ROE looks at the amount a company earns relative to the money it has kept within the business. The 'return' is the profit over the last twelve months. The higher the ROE, the more profit the company is making. So, all else being equal, a high ROE is better than a low one. Clearly, then, one can use ROE to compare different companies.

Does AST Groupe Have A Good Return On Equity?

One simple way to determine if a company has a good return on equity is to compare it to the average for its industry. The limitation of this approach is that some companies are quite different from others, even within the same industry classification. If you look at the image below, you can see AST Groupe has a similar ROE to the average in the Consumer Durables industry classification (11%).

ENXTPA:ASP Past Revenue and Net Income, February 24th 2020
ENXTPA:ASP Past Revenue and Net Income, February 24th 2020

That's neither particularly good, nor bad. ROE can give us a view about company quality, but many investors also look to other factors, such as whether there are insiders buying shares. If you are like me, then you will not want to miss this free list of growing companies that insiders are buying.

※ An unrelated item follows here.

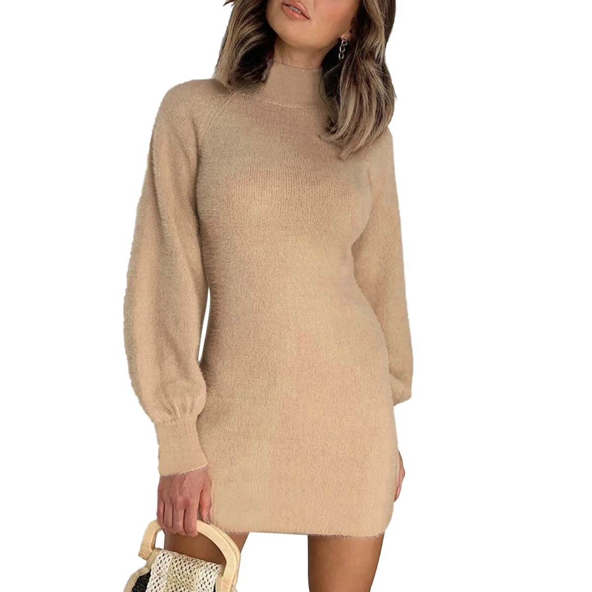 Женское модное однотонное платье с длинным рукавом, повседневное женское платье с длинным рукавом

The Importance Of Debt To Return On Equity

Companies usually need to invest money to grow their profits. The cash for investment can come from prior year profits (retained earnings), issuing new shares, or borrowing. In the first and second cases, the ROE will reflect this use of cash for investment in the business. In the latter case, the debt used for growth will improve returns, but won't affect the total equity. Thus the use of debt can improve ROE, albeit along with extra risk in the case of stormy weather, metaphorically speaking.